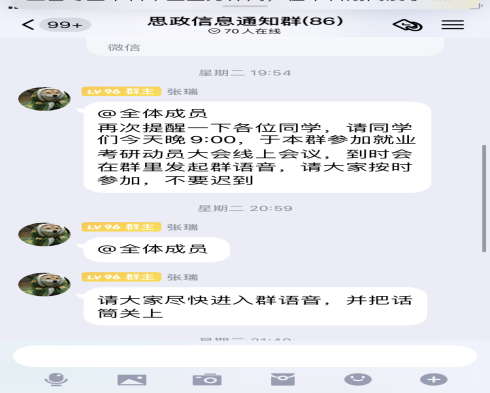 利用QQ群语音,召开2022届毕业生就业考研动员大会,院党委副书记晏妮、2018级思想政治教育班班主任邹浩以及全体同学参加会议。
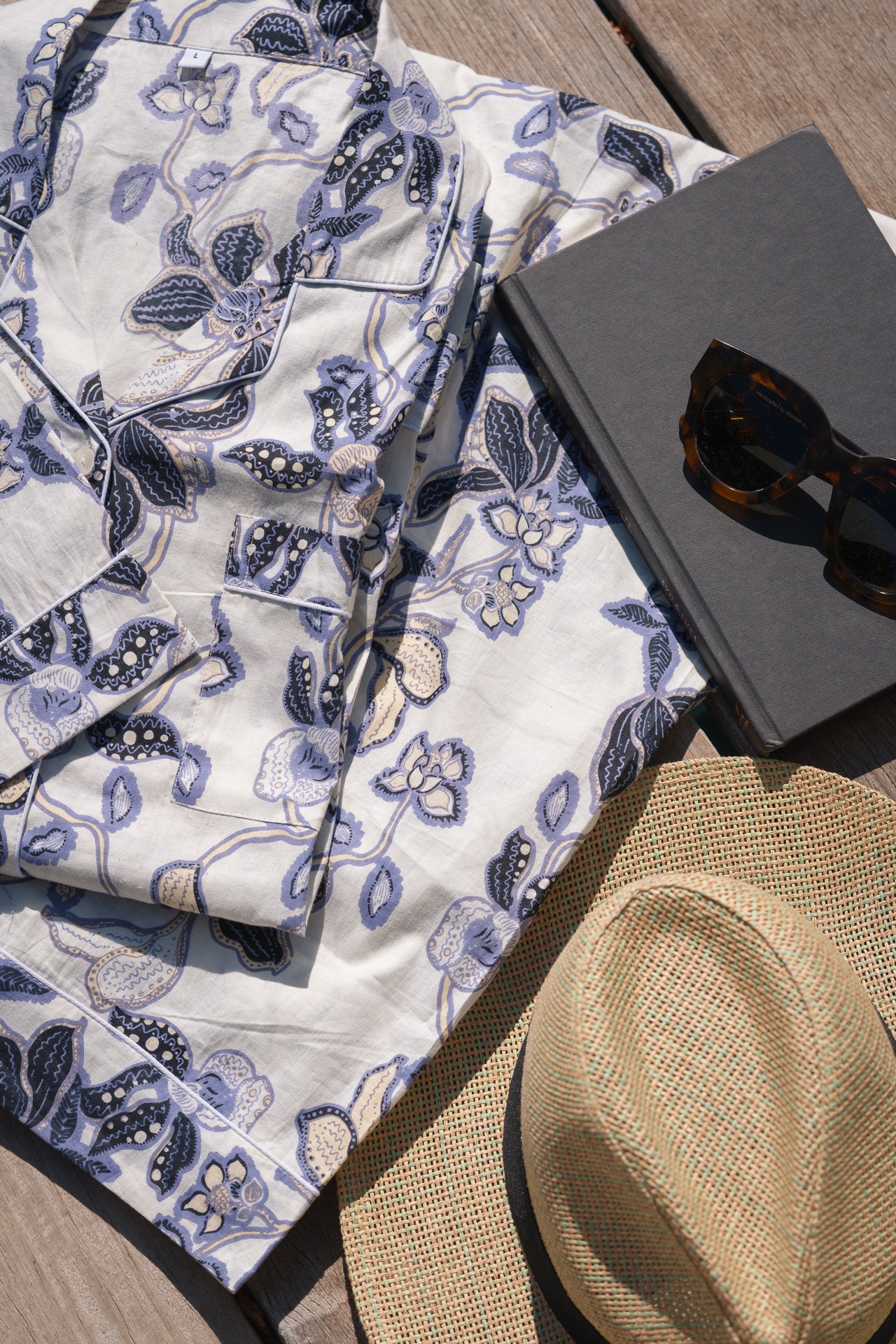 Our vibrant, 100% cotton pajamas are handcrafted using a traditional, and artisanal Indian technique. Each pattern and color is carefully selected and manually prepared, giving every piece its own unique character. With a loose fit and lightweight fabric, our pajamas are perfect for all seasons. The shirt can also double as a casual daytime top, paired with jeans or dressier pants.
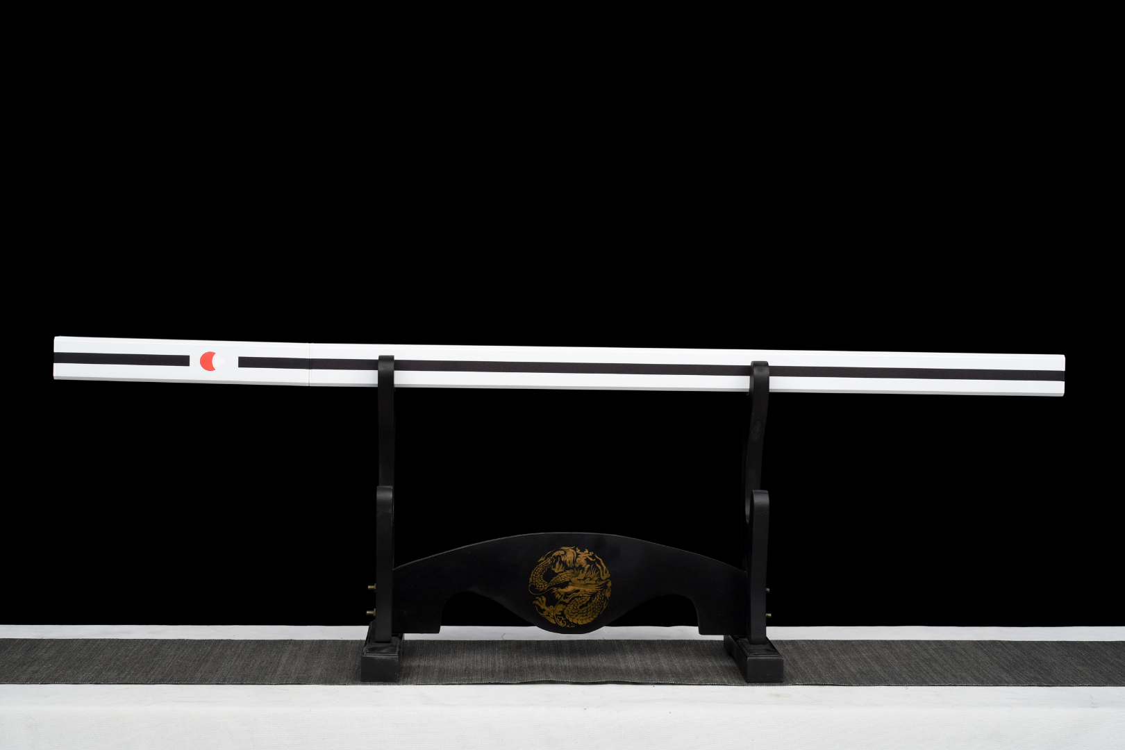 Scabbard (Saya 鞘) White lacquered saya with black lines and red Uchiha crest
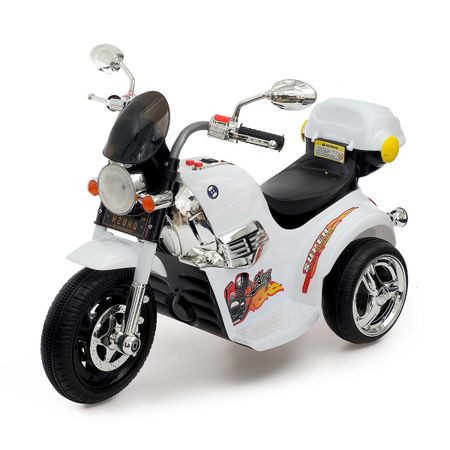 Электромобиль «Чоппер», с аккумулятором, световые и звуковые эффекты, цвет белый. Электромобиль «Чоппер» — это стильный трехколесный транспорт для активного малыша. Он заводится с помощью кнопочного переключателя, оснащен мощным электромотором и аккумулятором. Большие колеса с четким рисунком протектора шин дают хорошее сцепление с дорогой. На багажнике расположен открывающийся бардачок для хранения небольших предметов и игрушек. <b> Особенности модели:</b> <ul> <li> одно посадочное место;</li> <li> звуковые эффекты (гудок и 3 песни);</li> <li> светящаяся передняя фара;</li> <li> мигающий проблесковый маячок;</li> <li> большие пластиковые колеса;</li> <li> педаль газа для движения вперед;</li> <li> удобные ручки для держания;</li> <li> вместительный бокс для хранения игрушек;</li> <li> пластиковые колеса;</li> <li> задний ход;</li> <li> широкие подножки.</li> </ul> <b> Функциональные характеристики</b> <ul> <li> Аккумулятор: 6V4AH.</li> <li> Мотор: RS 380 6V.</li> <li> Размер в собранном виде: 90 × 43 × 54 см.</li> <li> Диаметр колес: 23 см.</li> <li> Допустимая весовая нагрузка: 30 кг.</li> <li> Максимальная скорость: 2‒3 км/ч.</li> <li> Беспрерывное время работы: 40‒60 минут.</li> <li> Время зарядки аккумулятора: 8‒12 часов.</li> </ul> В комплект входит зарядное устройство для аккумулятора.

▸ **About this task**
Return each line of the material exactly as written; exclude the pictures.

▸ **Result**
 利用QQ群语音,召开2022届毕业生就业考研动员大会,院党委副书记晏妮、2018级思想政治教育班班主任邹浩以及全体同学参加会议。
 Our vibrant, 100% cotton pajamas are handcrafted using a traditional, and artisanal Indian technique. Each pattern and color is carefully selected and manually prepared, giving every piece its own unique character. With a loose fit and lightweight fabric, our pajamas are perfect for all seasons. The shirt can also double as a casual daytime top, paired with jeans or dressier pants.
 Scabbard (Saya 鞘) White lacquered saya with black lines and red Uchiha crest
 Электромобиль «Чоппер», с аккумулятором, световые и звуковые эффекты, цвет белый. Электромобиль «Чоппер» — это стильный трехколесный транспорт для активного малыша. Он заводится с помощью кнопочного переключателя, оснащен мощным электромотором и аккумулятором. Большие колеса с четким рисунком протектора шин дают хорошее сцепление с дорогой. На багажнике расположен открывающийся бардачок для хранения небольших предметов и игрушек. <b> Особенности модели:</b> <ul> <li> одно посадочное место;</li> <li> звуковые эффекты (гудок и 3 песни);</li> <li> светящаяся передняя фара;</li> <li> мигающий проблесковый маячок;</li> <li> большие пластиковые колеса;</li> <li> педаль газа для движения вперед;</li> <li> удобные ручки для держания;</li> <li> вместительный бокс для хранения игрушек;</li> <li> пластиковые колеса;</li> <li> задний ход;</li> <li> широкие подножки.</li> </ul> <b> Функциональные характеристики</b> <ul> <li> Аккумулятор: 6V4AH.</li> <li> Мотор: RS 380 6V.</li> <li> Размер в собранном виде: 90 × 43 × 54 см.</li> <li> Диаметр колес: 23 см.</li> <li> Допустимая весовая нагрузка: 30 кг.</li> <li> Максимальная скорость: 2‒3 км/ч.</li> <li> Беспрерывное время работы: 40‒60 минут.</li> <li> Время зарядки аккумулятора: 8‒12 часов.</li> </ul> В комплект входит зарядное устройство для аккумулятора.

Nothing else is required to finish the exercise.